### Data extract:
※ ※ ※

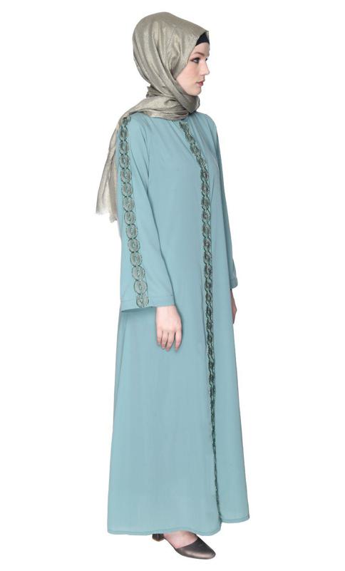 Sleek Looking Olive And Dead Mint Slit Style Abaya
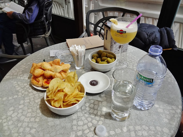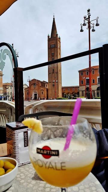 De vuelta a la Piazza Saffi decidimos tomar un tentempié en una de sus terrazas. Una botella de agua y un vino prosseco con crema de plátano. Un pelín cara la cuenta, pero al menos nos acompañaron las bebidas con un plato de patatas, otro de aceitunas grandes y un tercer plato con masas de hojaldre rellenas. Eso y las excelentes vistas compensaron de manera suficiente el elevado precio de las viandas.
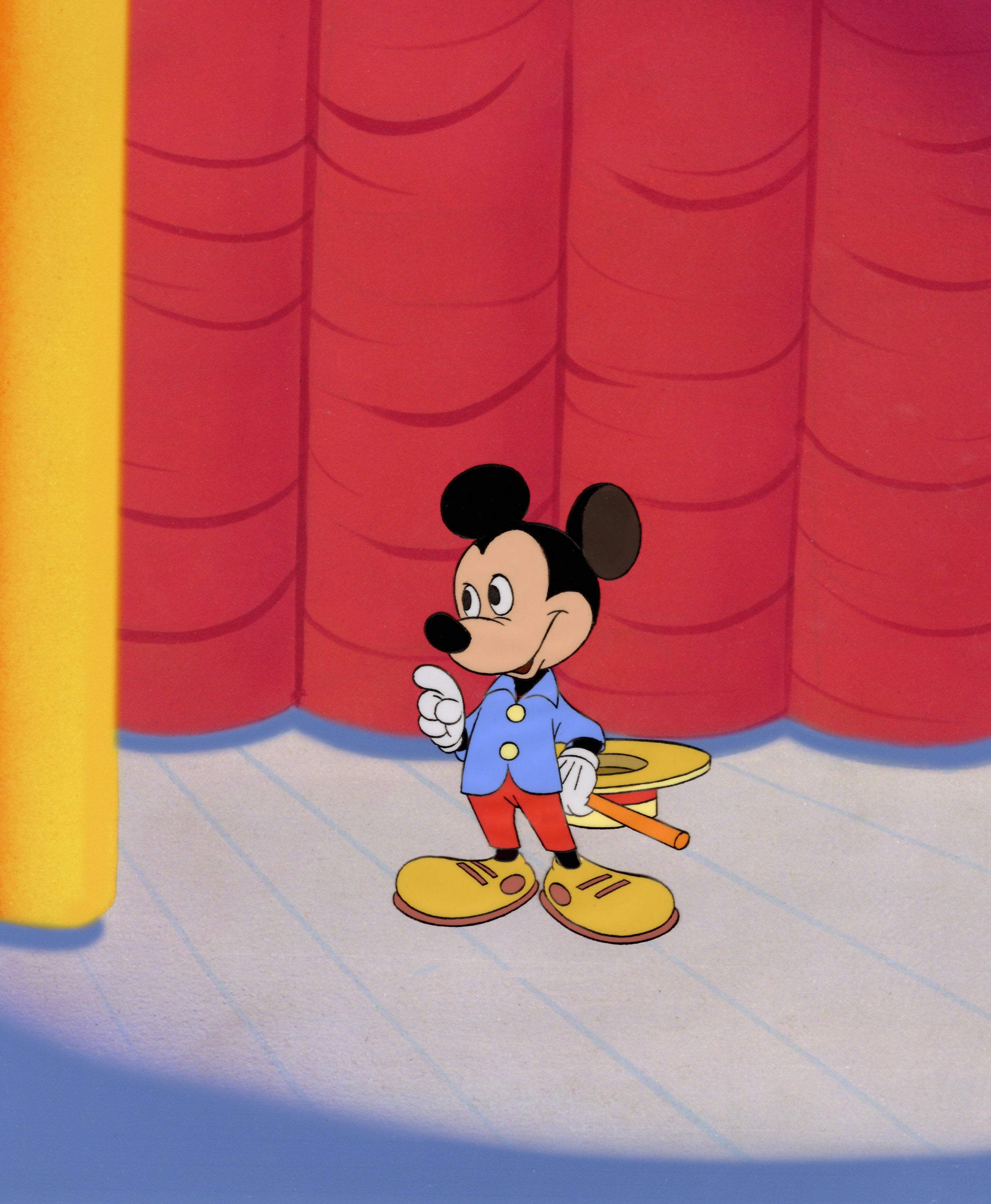 ABOUT THE IMAGE: It's Mickey's 40th birthday and he's dressed to impress every viewer out there in this production cel from "The Mickey Mouse Anniversary Show" episode of Walt Disney's Wonderful World of Color. Directed by Ward Kimball and animated by Les Clark - both Disney Legends and part of Disney's "Nine Old Men" - the episode aired on 12/22/1968 and paid homage to Mickey's humble origins, his rising popularity, and his undeniable cultural impact around the world.

※ ※ ※

### What you will do:
Copy every line above word for word and exclude the pictures.

### Exercise output:
 Sleek Looking Olive And Dead Mint Slit Style Abaya
 De vuelta a la Piazza Saffi decidimos tomar un tentempié en una de sus terrazas. Una botella de agua y un vino prosseco con crema de plátano. Un pelín cara la cuenta, pero al menos nos acompañaron las bebidas con un plato de patatas, otro de aceitunas grandes y un tercer plato con masas de hojaldre rellenas. Eso y las excelentes vistas compensaron de manera suficiente el elevado precio de las viandas.
 ABOUT THE IMAGE: It's Mickey's 40th birthday and he's dressed to impress every viewer out there in this production cel from "The Mickey Mouse Anniversary Show" episode of Walt Disney's Wonderful World of Color. Directed by Ward Kimball and animated by Les Clark - both Disney Legends and part of Disney's "Nine Old Men" - the episode aired on 12/22/1968 and paid homage to Mickey's humble origins, his rising popularity, and his undeniable cultural impact around the world.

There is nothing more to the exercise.